Each PR creates a review app for testing. Access it via GitHub checks. Monitor logs in Grafana:

```
{pod="p-PROJECT_ID", container="notebook"}
```

### Adding Dependencies

- Kernel dependencies: Add to `[tool.poetry.dependencies]` in pyproject.toml

```bash
# Add a package to kernel bundle (available in notebooks)
$ poetry add pandas

# Add a package with specific version
$ poetry add "pandas>=2.0.0"
```

```bash
# Add a development dependency
$ poetry add --group dev pytest
```

After adding dependencies, run tests to verify compatibility:

```bash
$ ./bin/test-local
```

### Docker Usage

We use Docker to ensure reproducible environments due to Jupyter libraries' binary dependencies:

- `builder.Dockerfile`: Creates Python package bundles for different versions (3.9-3.12), generates kernel and server bundles, and packages the toolkit for distribution using Poetry.

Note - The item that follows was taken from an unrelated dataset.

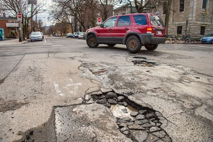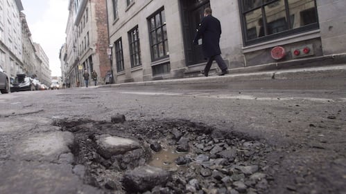 A pothole is seen on St. Paul street Friday, March 18, 2016 in Montreal. THE CANADIAN PRESS/Ryan Remiorz A pothole is seen on Saint-Paul Street Friday, March 18, 2016 in Montreal. (THE CANADIAN PRESS/Ryan Remiorz)

- `test.Dockerfile`: Provides consistent test environment for running unit and integration tests across Python versions using nox. Used both locally and in CI/CD pipeline.

- `jupyter-for-local.Dockerfile`: Creates development environment with Jupyter integration, used for local development from docker-compose used in main monorepo.

### Production Releases

To release a new version to production:

1. Merge your changes to main. This will automatically trigger a GitHub Actions workflow that runs the test suite and a staging deployment.
2. Trigger a new [GitHub Release](https://github.com/deepnote/deepnote-toolkit/releases) in the GitHub UI.
3. Monitor [the GitHub Actions workflows](https://github.com/deepnote/deepnote-toolkit/actions) and ensure a successful production deployment.

Note: The production release pipeline automatically creates two PRs in the ops and app-config repositories:

- A staging PR that updates staging values and is auto-merged
- A production PR that updates production values and requires manual approval and merge

Important: Always test the changes in the staging environment before approving and merging the production PR to ensure everything works as expected.